As of Wednesday morning, eight states have postponed the July bar exam, according to information posted on the National Conference of Bar Examiners website. The organization develops and produces attorney licensing tests used by most U.S. jurisdictions, and it supports the ABA resolution, NCBE President Judith Gundersen told the ABA Journal.
“It addresses both the graduates’ needs to be able to earn a living and the public’s right to be protected until full admission via the licensing exam is possible. We are grateful to the ABA Board of Governors for its leadership during this difficult time,” she wrote in an email.
The council of the ABA’s Section of Legal Education and Admissions to the Bar supports the extension of limited practice rules too, according to Bill Adams, managing director of ABA accreditation and legal education.
“I am glad that the ABA has taken this action as courts and licensing agencies start to consider how to handle the delays or postponements of bar examination offerings. This resolution provides helpful guidance,” Adams, who also served on the resolution working group, wrote in an email to the ABA Journal.
According to some law school deans, few if any attorney licensing agencies are willing to consider diploma privilege, which at this point is only available in Wisconsin. But if states want to include diploma privilege in their definitions of limited practice, they can, Paula Frederick, who’s also a member of the resolution working group, told the Board of Governors on Tuesday. She is the State Bar of Georgia’s general counsel and chair of the ABA Standing Committee on Ethics and Professional Responsibility.
“For me, it’s important to be sure we aren’t unleashing unqualified people on the public. Even though there’s a tremendous public need for lawyers, we need to deliver competent lawyers. The bar exam is the last step in ensuring that competency,” Frederick said.

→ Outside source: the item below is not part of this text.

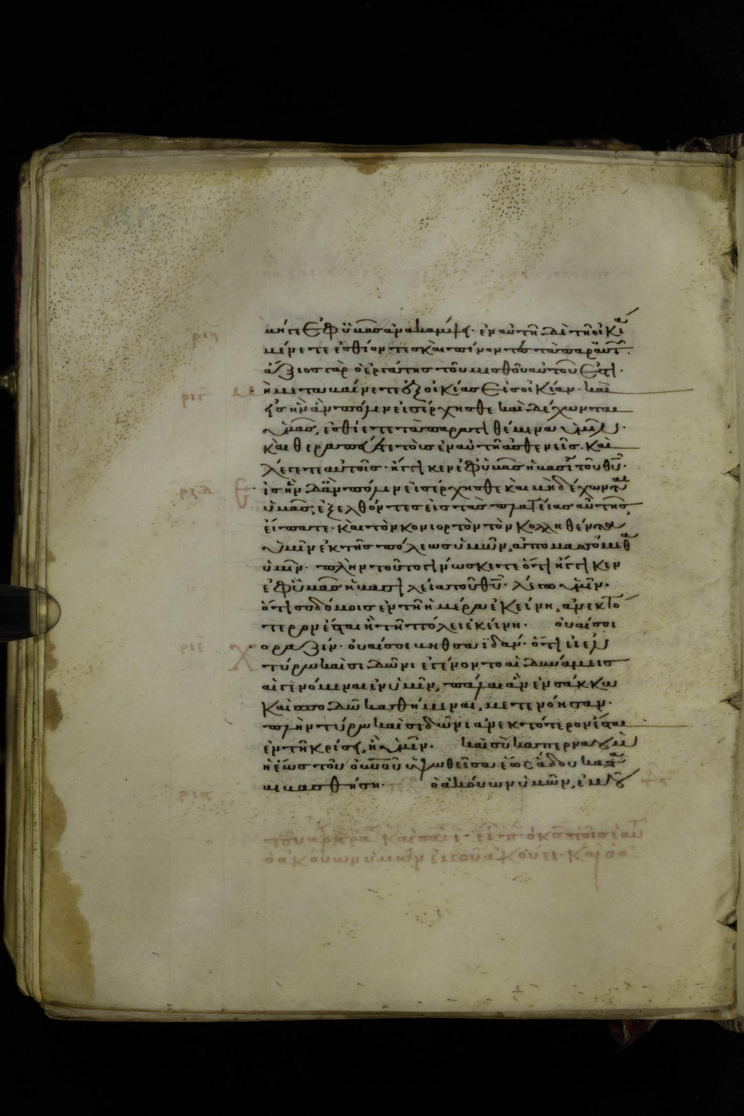 Thirteenth century minuscule of the Gospels on parchment; 223 leaves, 1 column, 24 lines per column. Images were taken at the National Library of Greece in Athens.

Under the resolution, graduates would need to meet all of their jurisdictions’ other attorney admissions requirements, other than passing a bar exam. They would be subject to the same attorney discipline rules as licensed lawyers.
Also, a lawyer with an active law license must confirm in writing to the jurisdiction’s attorney licensing agency that he or she is supervising the recent graduate. Additionally, the relationship must be clearly disclosed to clients, in court filings and for administrative matters.
At least 16 states already allow recent law school graduates to engage in limited practice before passing a bar exam, according to a January 2020 Arizona Supreme Court petition filed by a state task force on legal services delivery. The resolution states that Arizona and Tennessee state supreme courts recently adopted emergency rules similar to what it proposes. New Jersey did this as well, on April 6.
Also, on Wednesday afternoon, the Indiana Supreme Court issued an order allowing anyone who graduated after November 2019 was has not sat for a bar exam to serve as a graduate legal intern until Feb. 28, 2021. The order also states that it is unclear whether the Indiana bar exam will take place in 2020.
There may not be enough attorneys interested in supervising new graduates, Board of Governors member Mark Alcott, who is of counsel at Paul Weiss in New York City, said at the Tuesday meeting. Patricia Lee Refo, president-elect of the ABA and leader of the working group, acknowledged the concern.
“A number of law schools are already thinking about this issue. They are very interested in talking to us about deploying some kind of legal corps for those who can’t go into big firms and don’t have other jobs. They’re trying to figure out if the law school could provide some money and health benefits, and supervising attorneys for their graduates,” Refo said.
Updated April 9 at 9:24 a.m. to reference the Harvard Law Review Blog writing.